Task goal
Beginning with the line that has "Embrace elegance and" and ending with the line that has "kimonoあんのんの浴衣「", retype the entries below exactly, except for the pictures.

===== Data shown =====

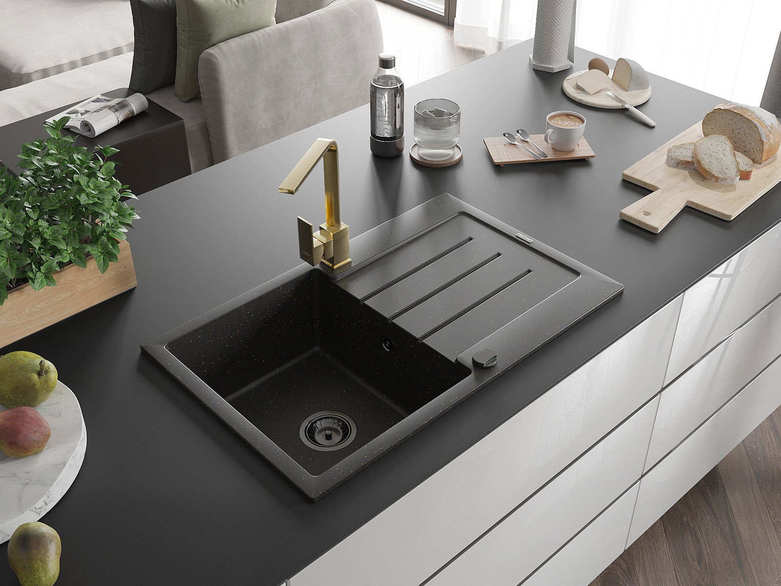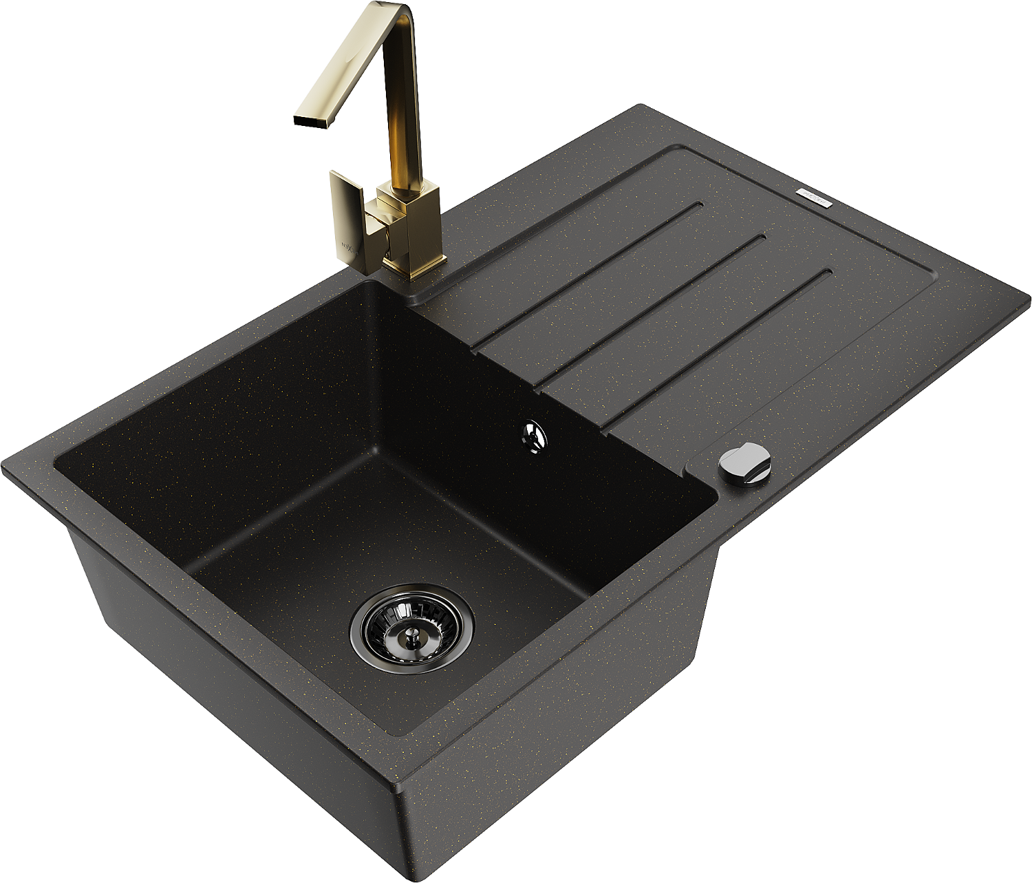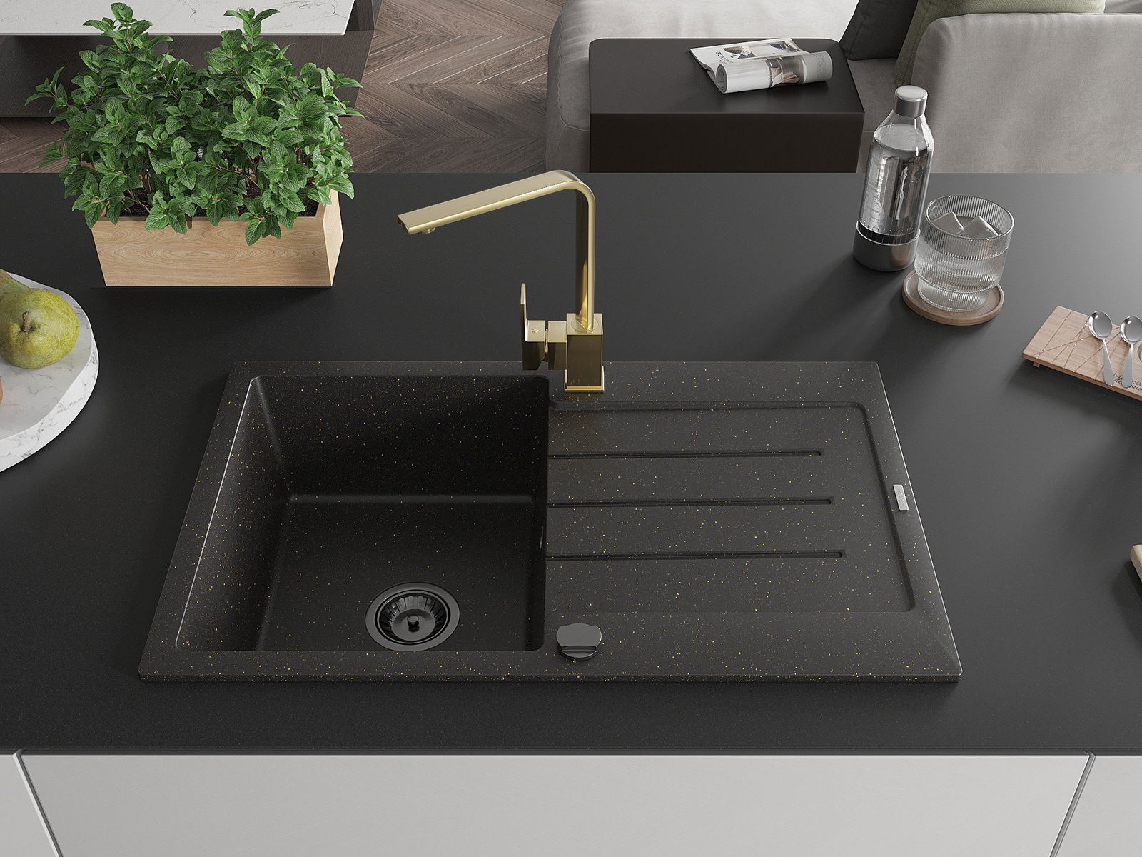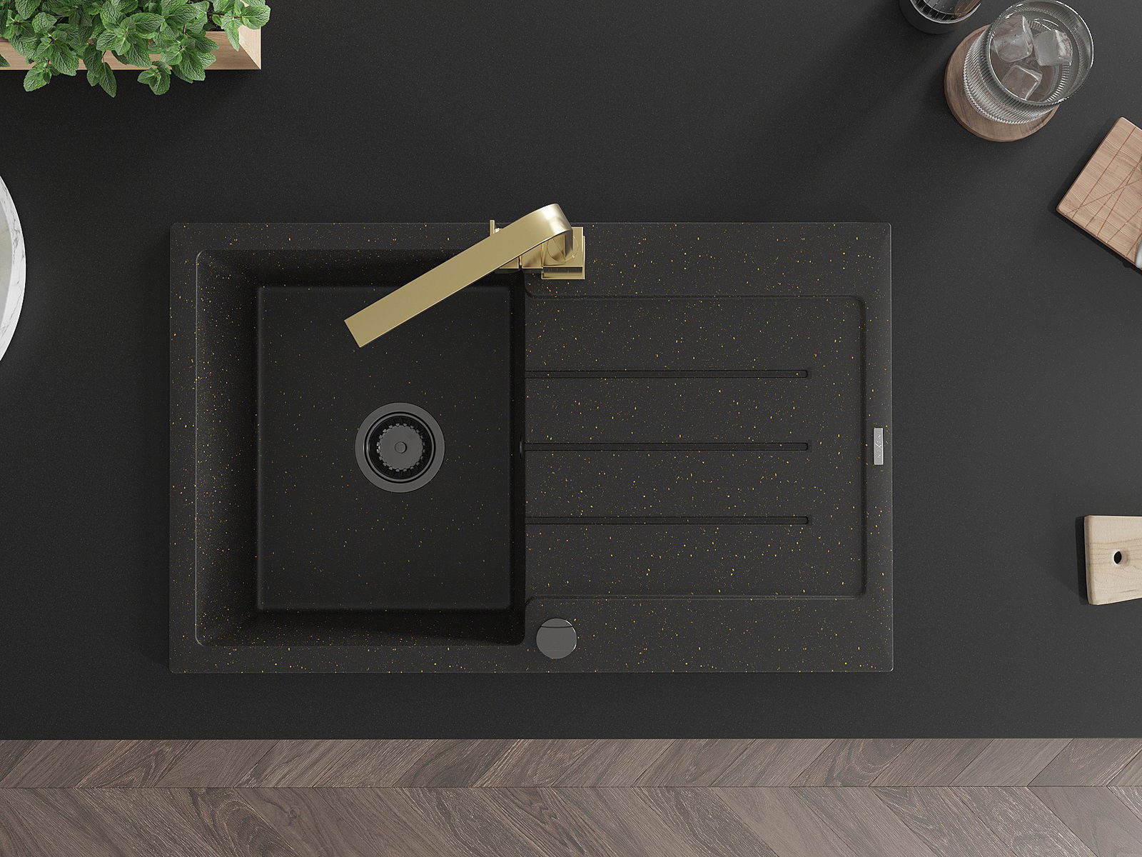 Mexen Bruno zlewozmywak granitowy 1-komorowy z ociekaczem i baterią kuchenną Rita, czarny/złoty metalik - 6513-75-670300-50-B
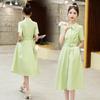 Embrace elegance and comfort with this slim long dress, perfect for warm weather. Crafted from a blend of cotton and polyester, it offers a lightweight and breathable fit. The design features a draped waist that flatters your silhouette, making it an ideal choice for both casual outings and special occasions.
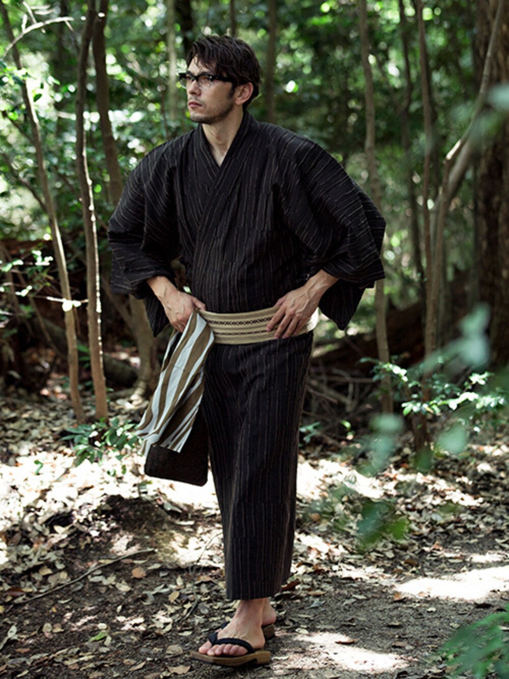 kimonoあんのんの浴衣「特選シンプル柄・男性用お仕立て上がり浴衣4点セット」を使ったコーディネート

=====
===== Data shown =====

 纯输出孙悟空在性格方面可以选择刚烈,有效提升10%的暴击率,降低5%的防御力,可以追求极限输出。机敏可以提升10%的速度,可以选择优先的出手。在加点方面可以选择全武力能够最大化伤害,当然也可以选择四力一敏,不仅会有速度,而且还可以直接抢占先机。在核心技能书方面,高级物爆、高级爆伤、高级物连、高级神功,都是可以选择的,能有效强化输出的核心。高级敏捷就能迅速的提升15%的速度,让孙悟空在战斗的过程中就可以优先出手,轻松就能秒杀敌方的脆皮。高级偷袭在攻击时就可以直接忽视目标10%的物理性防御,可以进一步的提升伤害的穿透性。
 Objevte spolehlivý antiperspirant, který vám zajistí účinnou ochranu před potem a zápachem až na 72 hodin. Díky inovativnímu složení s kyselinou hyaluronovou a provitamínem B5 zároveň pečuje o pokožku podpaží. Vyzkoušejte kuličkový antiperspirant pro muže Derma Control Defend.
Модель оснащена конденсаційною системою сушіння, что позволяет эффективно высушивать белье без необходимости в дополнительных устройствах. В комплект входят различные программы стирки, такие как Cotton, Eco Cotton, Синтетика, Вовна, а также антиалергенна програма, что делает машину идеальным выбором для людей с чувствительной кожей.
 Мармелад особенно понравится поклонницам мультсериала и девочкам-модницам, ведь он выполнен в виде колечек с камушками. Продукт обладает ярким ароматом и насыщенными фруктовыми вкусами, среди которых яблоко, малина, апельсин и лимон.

=====

Answer space
 Embrace elegance and comfort with this slim long dress, perfect for warm weather. Crafted from a blend of cotton and polyester, it offers a lightweight and breathable fit. The design features a draped waist that flatters your silhouette, making it an ideal choice for both casual outings and special occasions.
 kimonoあんのんの浴衣「特選シンプル柄・男性用お仕立て上がり浴衣4点セット」を使ったコーディネート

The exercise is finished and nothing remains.